This is a great starting point because it nicely demonstrates how we can sometimes replace a fair chunk of code with a much simpler set of instructions. Of course, the algorithm that uses fewer instructions is harder to understand, but in some situations the performance gain is worth it.

We'll start off with some classic code to solve the problem. The reason for this is two-fold. First of all we want to clearly understand the problem we're solving. Secondly, we want a reference version that we can test against to ensure that our fiendishly clever code is actually correct. So here's our starting point:

unsigned long long clearlastbit( unsigned long long value )
  int bit=1;
  if ( value== 0 ) { return 0; }
  while ( !(value & bit) )
    bit = bit << 1;
  value = value ^ bit;
  return value;

But before we start trying to improve it we need a timing harness to find out how fast it runs. The following harness uses the Solaris call gethrtime() to return a timestamp in nanoseconds.

#include <stdio.h>
#include <sys/time.h>

static double s_time;

void starttime()
  s_time = 1.0 * gethrtime();

void endtime(unsigned long long its)
  double e_time = 1.0 * gethrtime();
  printf( "Time per iteration %5.2f ns\n", (e_time-s_time) / (1.0*its) );
  s_time = 1.0 * gethrtime();

The next thing we need is a workload to test the current implementation. The workload iterates over a range of numbers and repeatedly calls clearlastbit() until all the bits in the current number have been cleared.

#define COUNT 1000000
void main()
  for (unsigned long long i = 0; i < COUNT; i++ )
    unsigned long long value = i;
    while (value) { value = clearlastbit(value); }

Big O notation

So let's take a break at this point to discuss big O notation.

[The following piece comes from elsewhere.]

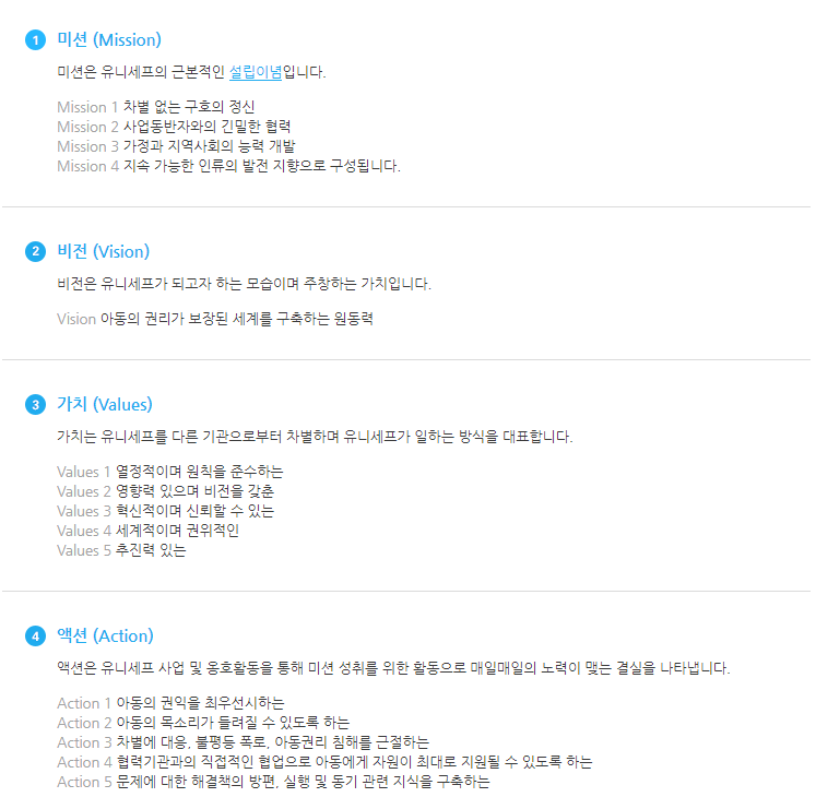 유니세프 브랜드의 힘은 더 좋은 세상을 구축하고자 하는 비전에 있으며 이러한 비전을 실현하는 역량에 있다고 말하며 유니세프가 주장하는 가치, 브랜드 아이덴티티는 기관을 대표하는 네 가지 요소 – 미션(Mission), 비전(Vision), 가치(Values)와 액션(Action)으로 이야기하고 있다.
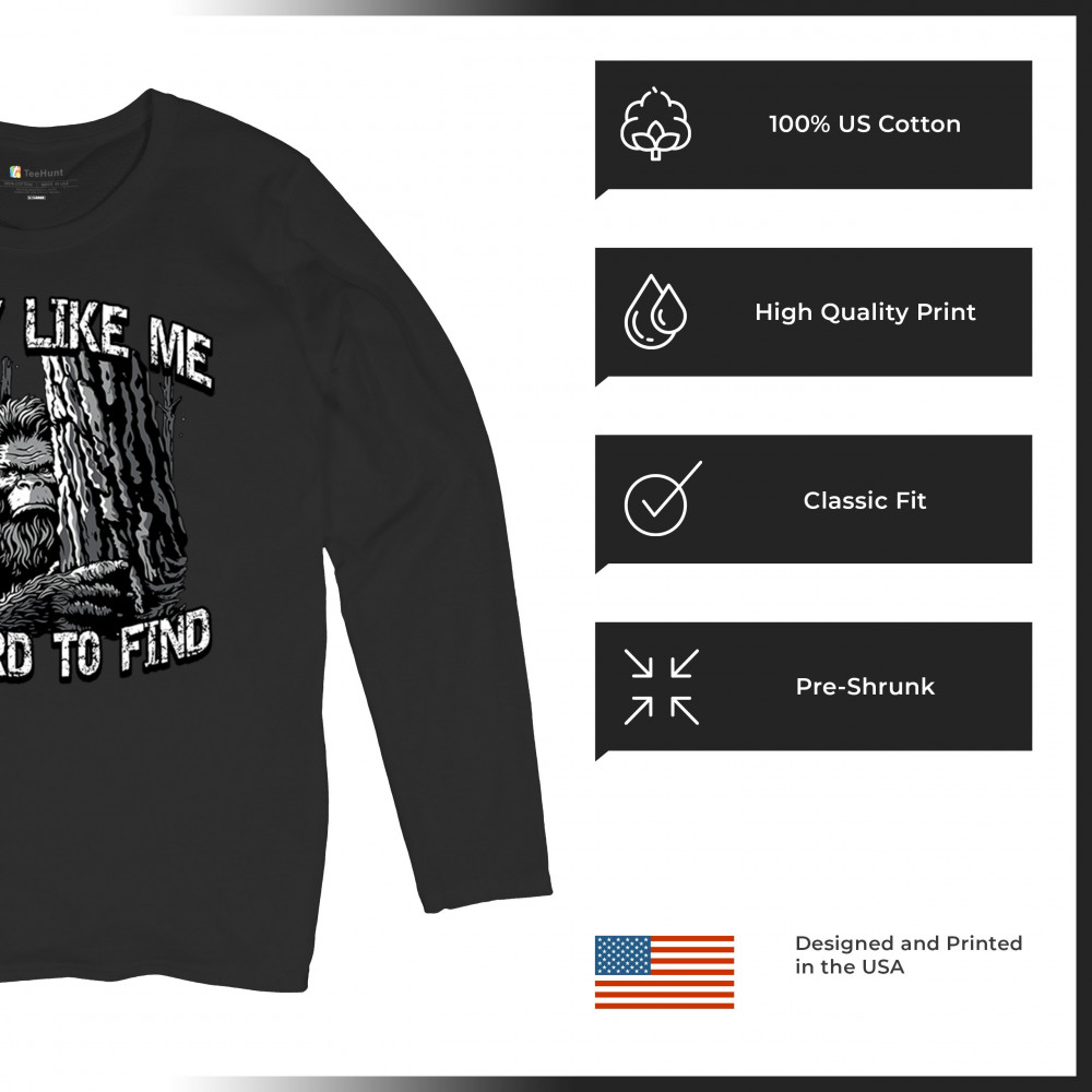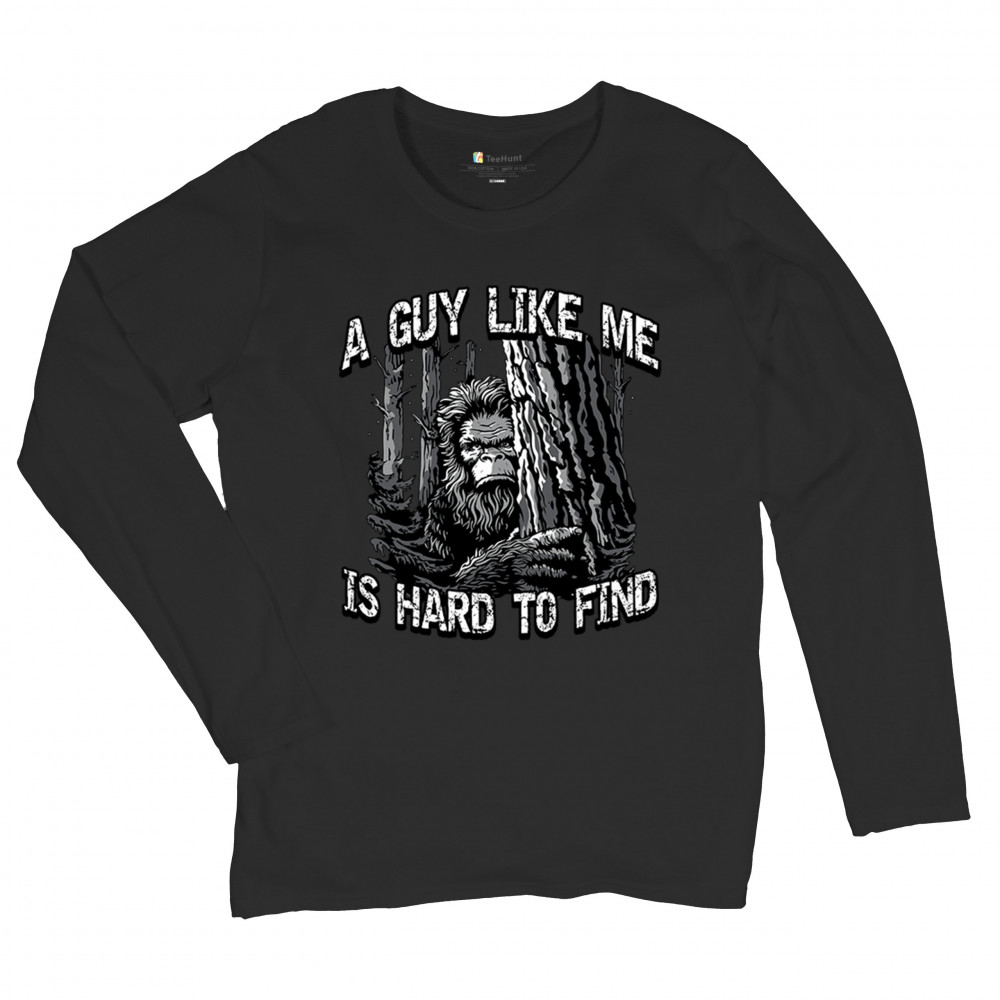 GUY LIKE ME IS HARD TO FIND women's long sleeve t-shirt bigfoot sasquatch has black

If we look at the code for clearlastbit() we can see that it contains a loop. We'll iterate around the loop once for each bit in the input value, so for a N bit number we might iterate up to N times. We say that this computation is "order N", meaning that the cost the calculation is somehow proportional to the number of bits in the input number. This is written as O(N).

The order N description is useful because it gives us some idea of the cost of calling the routine. From it we know that the routine will typically take twice as long if coded for 8 byte inputs than if we used 4 byte inputs. Order N is not too bad as costs go, the ones to look out for are order N squared, or cubed etc. For these higher orders the run time to complete a computation can become huge for even comparatively small values of N.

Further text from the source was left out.